Every line of the data below is to be given again as it appears, with the images removed.

━━━ Data segment ━━━

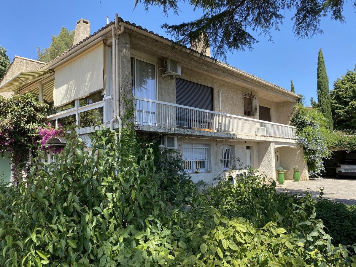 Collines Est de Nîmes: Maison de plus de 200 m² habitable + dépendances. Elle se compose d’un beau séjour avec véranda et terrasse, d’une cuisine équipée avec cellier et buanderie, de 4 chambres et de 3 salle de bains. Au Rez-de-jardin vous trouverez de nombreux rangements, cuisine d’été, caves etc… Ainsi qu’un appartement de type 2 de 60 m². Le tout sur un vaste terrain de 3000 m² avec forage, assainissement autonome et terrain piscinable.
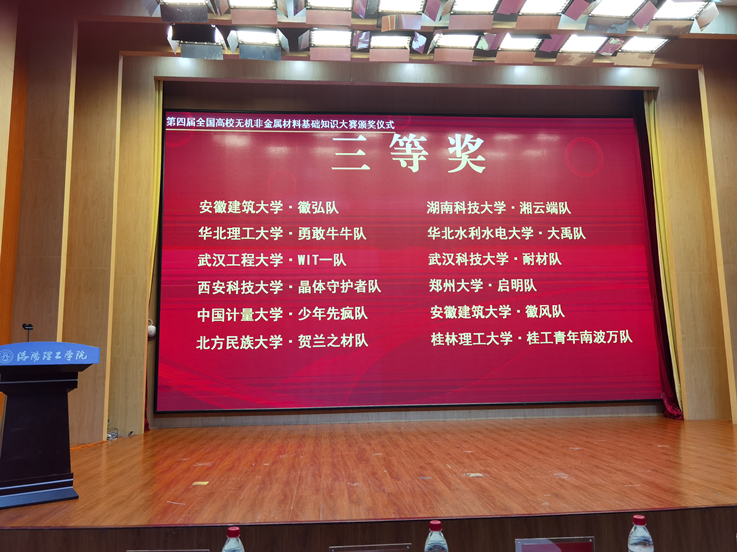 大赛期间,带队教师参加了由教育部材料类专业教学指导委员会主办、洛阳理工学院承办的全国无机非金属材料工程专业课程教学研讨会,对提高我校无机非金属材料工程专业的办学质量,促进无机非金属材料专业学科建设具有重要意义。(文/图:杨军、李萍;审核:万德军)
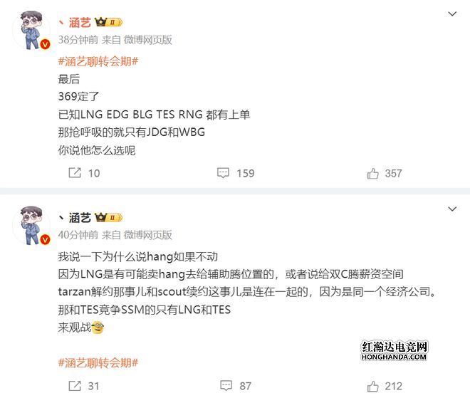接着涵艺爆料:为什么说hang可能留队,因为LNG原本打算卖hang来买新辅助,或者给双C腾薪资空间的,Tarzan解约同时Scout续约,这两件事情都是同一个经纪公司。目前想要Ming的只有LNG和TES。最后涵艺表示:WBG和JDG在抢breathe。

━━━

Written solution:
 Collines Est de Nîmes: Maison de plus de 200 m² habitable + dépendances. Elle se compose d’un beau séjour avec véranda et terrasse, d’une cuisine équipée avec cellier et buanderie, de 4 chambres et de 3 salle de bains. Au Rez-de-jardin vous trouverez de nombreux rangements, cuisine d’été, caves etc… Ainsi qu’un appartement de type 2 de 60 m². Le tout sur un vaste terrain de 3000 m² avec forage, assainissement autonome et terrain piscinable.
 大赛期间,带队教师参加了由教育部材料类专业教学指导委员会主办、洛阳理工学院承办的全国无机非金属材料工程专业课程教学研讨会,对提高我校无机非金属材料工程专业的办学质量,促进无机非金属材料专业学科建设具有重要意义。(文/图:杨军、李萍;审核:万德军)
接着涵艺爆料:为什么说hang可能留队,因为LNG原本打算卖hang来买新辅助,或者给双C腾薪资空间的,Tarzan解约同时Scout续约,这两件事情都是同一个经纪公司。目前想要Ming的只有LNG和TES。最后涵艺表示:WBG和JDG在抢breathe。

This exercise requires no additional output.